Angolares
Alda do Espírito Santo (1926-2010)
Canoa frágil, à beira da praia,
panos presos na cintura,
uma vela a flutuar…
Calema, mar em fora
canoa flutuando por sobre as procelas das águas,
lá vai o barquinho da fome.
Rostos duros de angolares
na luta com o gandu
por sobre a procela das ondas
remando, remando
no mar dos tubarões
p’la fome de cada dia.
Lá longe, na praia,
na orla dos coqueiros
quissandas em fila,
abrigando cubatas,
izaquente cozido
em panela de barro.
Hoje, amanhã e todos os dias
espreita a canoa andante
por sobre a procela das águas.
A canoa é vida
a praia é extensa
areal, areal sem fim.
Nas canoas amarradas
aos coqueiros da praia.
O mar é vida.
P’ra além as terras do cacau
nada dizem ao angolar
“Terras tem seu dono”.
E o angolar na faina do mar,
tem a orla da praia
as cubatas de quissandas,
as gibas pestilentas
mas não tem terras.
P’ra ele, a luta das ondas,
a luta com o gandu,
as canoas balouçando no mar
e a orla imensa da praia.
Notas:
Angolar: grupo étnico são-tomense.
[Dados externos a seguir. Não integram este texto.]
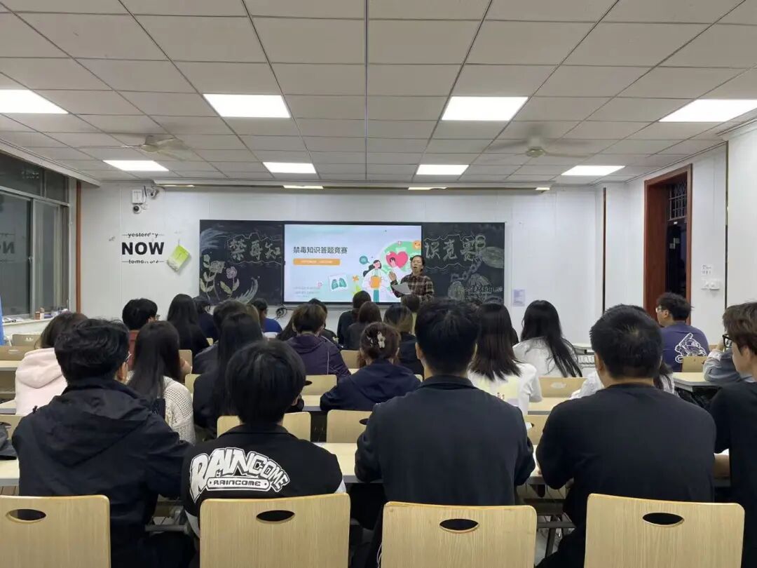 知识竞赛现场氛围热烈,各参赛同学精神饱满、斗志昂扬。在必答题环节,同学们对答如流、稳扎稳打,展现出扎实的禁毒知识储备;抢答题环节中,大家反应敏捷、果断出击,比分交替攀升,现场掌声与欢呼声接连不断;此外,活动还通过随机提问的方式调动全场学生参与热情,让更多同学在互动中巩固知识,有效扩大了禁毒宣传的覆盖面。

Segundo a
tradição portuguesa, sem confirmação científica, teria naufragado, em frente ao
extremo sul da Ilha de São Tomé, um barco transportando cativos (1550). Estes,
logrando alcançar a costa, teriam dado origem ao Povo Angolar. Admite-se,
todavia, que os angolares tenham alcançado a Ilha por seus próprios meios,
provenientes do continente africano;
Calema: ondulação forte do mar;
Gandu: tubarão;
Quissanda: tapumes feitos com folhas de
palmeira;
Izaquente: frutos cujas sementes são
caracterizadas por um alto poder energético.